Consistent with the existing terms of the Credit Agreement, the Loan is secured by continuing security agreements, trademark security agreements and continuing guarantees executed by Cherokee and its subsidiaries, as applicable. In addition, the Credit Agreement includes various restrictions and covenants regarding the operation of Cherokee’s business, including covenants that require Cherokee to obtain JPMorgan’s consent in certain circumstances before Cherokee can: (i) incur additional indebtedness, (ii) make acquisitions, mergers or consolidations in excess of $5,000 on an aggregate basis following the Hawk Acquisition, (iii) issue any equity securities other than pursuant to Cherokee’s employee equity incentive plans or programs and (iv) repurchase or redeem any outstanding shares of common stock or pay dividends or other distributions, other than stock dividends, to Cherokee’s stockholders.

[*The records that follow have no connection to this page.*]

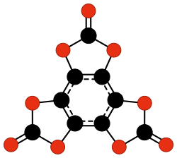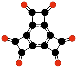 - C24O6, a cyclic trimer of the biradical 3,4-dialkynyl-3-cyclobutene-1,2-dione -C≡C-(C4O2)-C≡C- (Rubin and others, 1990);[45]
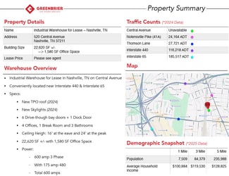 Conveniently located near Interstate 440 & Interstate 65 • New TPO roof (2024) • New Skylights (2024) • 6 Drive-though bay doors + 1 Dock Door • 4 Offices, 1 Break Room and 3 Bathrooms • Ceiling Heigh: 16’ at the eave and 24’ at the peak • 22,620 SF +/- with 1,580 SF Office Space • Power: 600 amp 3 Phase / With 175 amp 480 / Total 600 amps
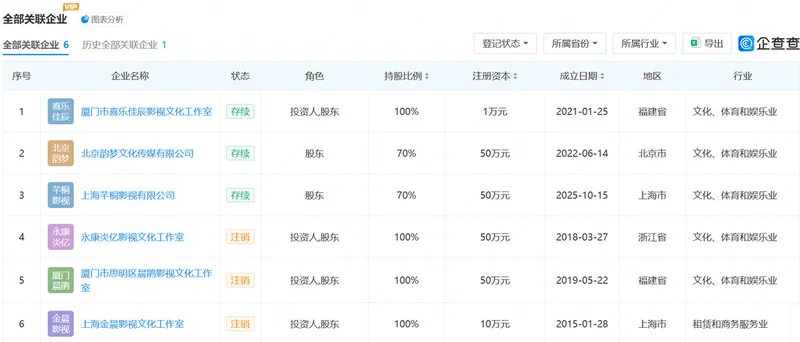 凤凰网《风暴眼》根据公开信息查到,她名下关联有6家企业,均围绕影视创作、艺人经纪等核心业务展开,注册资本适中,以轻资产运营为主,未出现高风险关联记录。
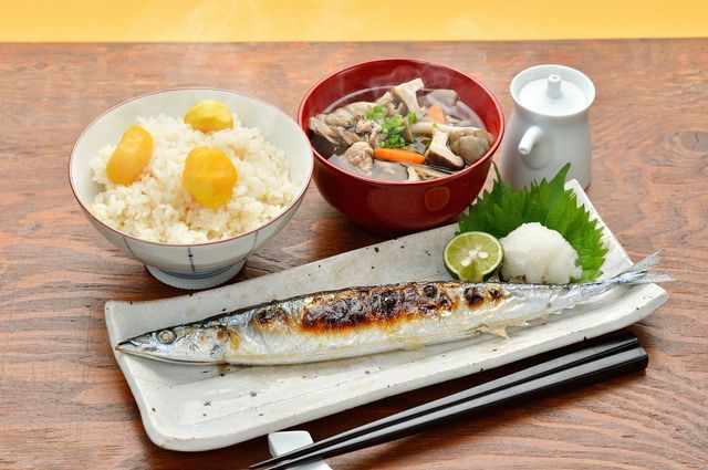 Bên cạnh những điểm tham quan, mùa thu Nhật Bản còn hấp dẫn du khách với những món ăn đặc trưng. Trong đó phải kể đến cá thu đao nướng, hồng sấy, súp, nấm Matsutake, khoai lang nướng, lá phong và vừng tẩm bột chiên giòn.
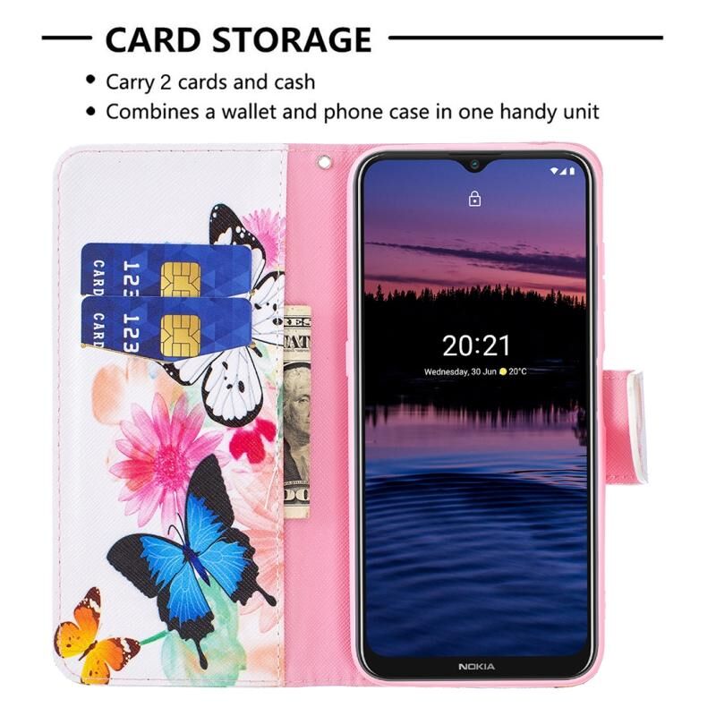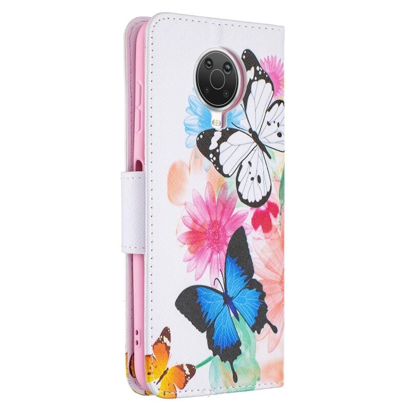 Θήκη δέρματος οριζόντιας αναδίπλωσης με σχέδιο πολύχρωμης ζωγραφικής για Nokia G20 / G10 με βάση & υποδοχές καρτών & πορτοφόλι (Πεταλούδες)

The Credit Agreement also imposes financial covenants, including: (i) a minimum “fixed charge coverage ratio” of at least 1.2 to 1.0 and (ii) a limitation of Cherokee’s “senior funded debt ratio” as described above. Further, Cherokee has granted a security interest in favor of JPMorgan in all of Cherokee’s assets (including trademarks) as collateral for the Loan. In the event of a default under the Credit Agreement, the Bank has the right to terminate its obligations under the Credit Agreement, accelerate the payment on any unpaid balance of the Credit Agreement and exercise its other rights including foreclosing on Cherokee’s assets under the security agreements.